Please, for your own safety, and the safety of those around you, upgrade soon. Often around here, we tend to maybe pick a little too much nit when it comes to towing capacity and what is safe, but this isn't even close!

Happy Trails,
Doug


----------



## reeladdiction (Sep 10, 2006)

i second and third that the ranger is very light weight i was actually worried with my excursion seisel and the 25rss but that is all fine now try your best to replace that ranger with something bigger...


----------



## nonny (Aug 14, 2005)

Congratulations!
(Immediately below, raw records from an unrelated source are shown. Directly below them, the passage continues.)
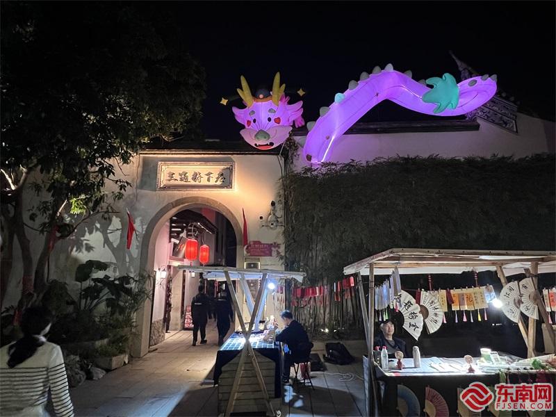 而在河對岸的上下杭步行街,則是另一番景象。不同于倉前公園“龍鳳呈祥”燈組的璀璨奪目,這里藏身于坊巷間的龍狀花燈,佐以波光粼粼的小河景觀,古色古香的建筑以及悠揚的歌謠,給人一種靜謐幽適的感受。
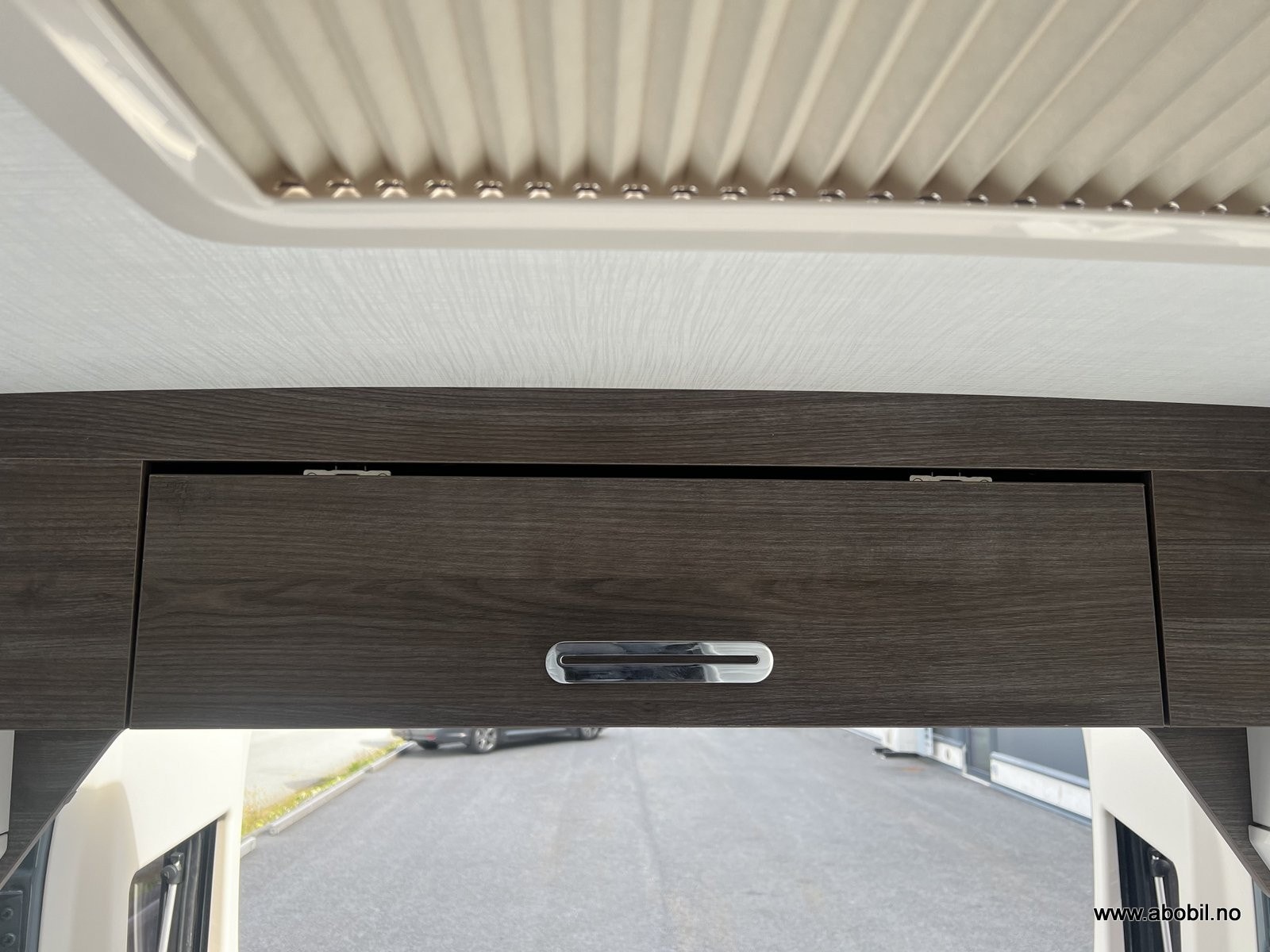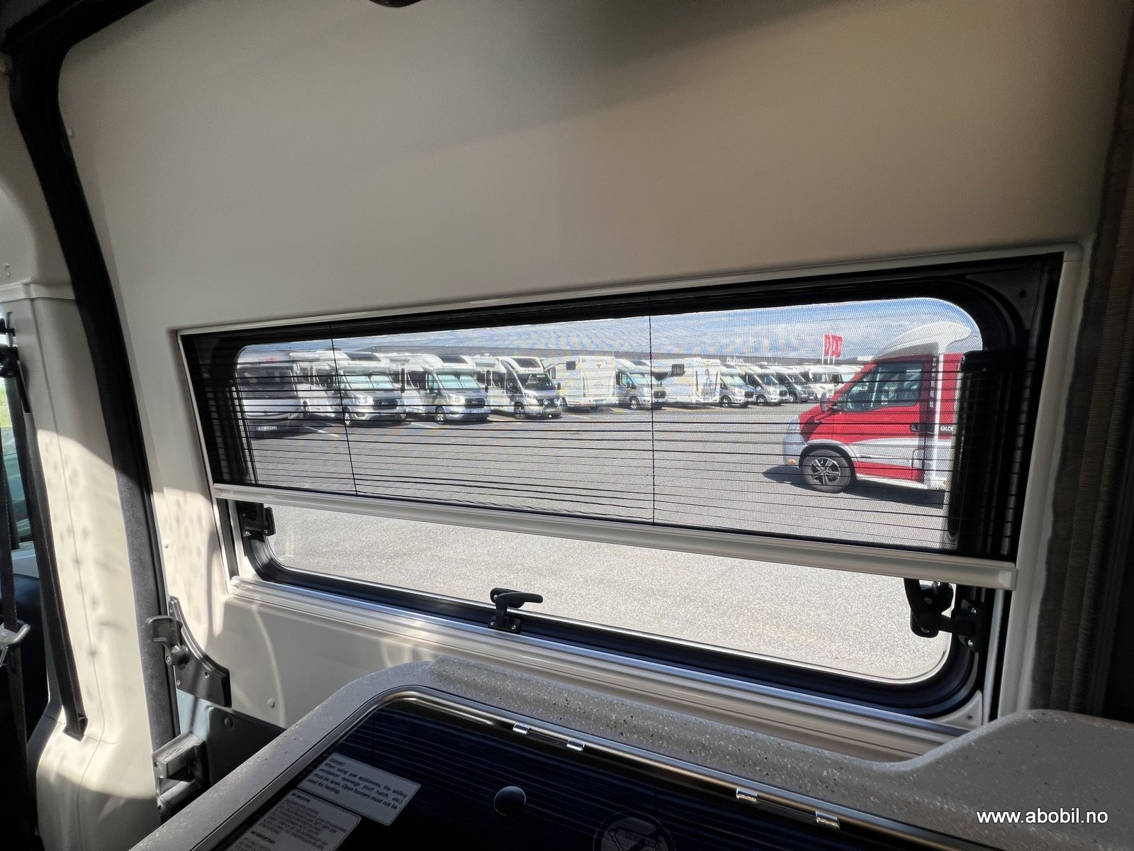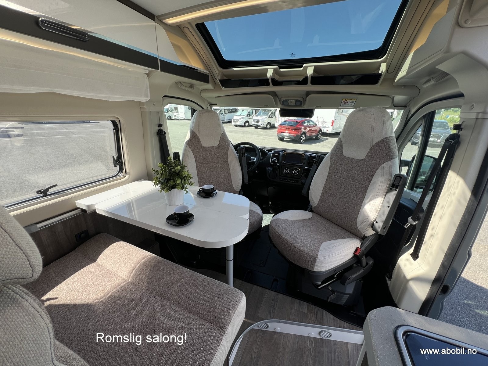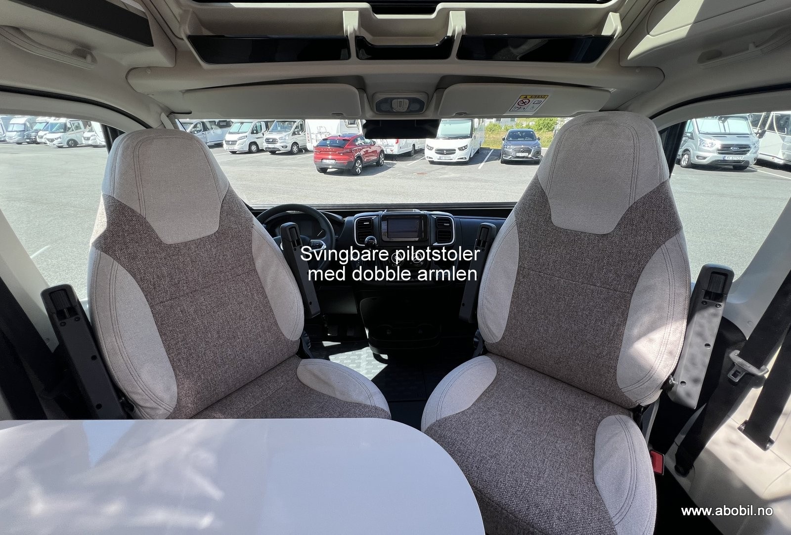 Førerdelen har også ryggekamera, skinnratt, Gardiner til formørkning, Regulerbare pilotstoler med armlene, varme i speil og regulerbart ratt. Denne bobilen oppleves nærmest som en flott personbil både i kjøreegenskaper og størrelse. Nydelig dagslys gjennom soltaket får du også!
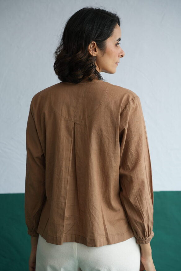 Product Details : Its earthy brown color and versatile cut makes it easy to pair with any outfit, adding a touch of effortless style to your look. The small slit sleeves provide a subtle yet stylish detail, offering a comfortable fit.

I hope you make many wonderful memories in your Outback!


----------



## willie226 (Apr 4, 2006)

Congratulations Tim and Sue!

Hope you enjoy your new Outback!!!!








HappyTravels
Willie


----------



## firemedicinstr (Apr 6, 2005)

Welcome, 
Another VA Outback, this state has to have the most per capita................
I was in Goshen IN, right accross the street from the Keystone Factory the week you were in town.

And YESSSSS, I cant wait for the NEW Tundra..............DW gonna be mad if I want one though.........................................

Take care


----------



## PDX_Doug (Nov 16, 2004)

firemedicinstr said:


> And YESSSSS, I cant wait for the NEW Tundra..............DW gonna be mad if I want one though.........................................


It sounds like you already do!








Just remember to duck when you break the news to her!

Happy Trails,
Doug


----------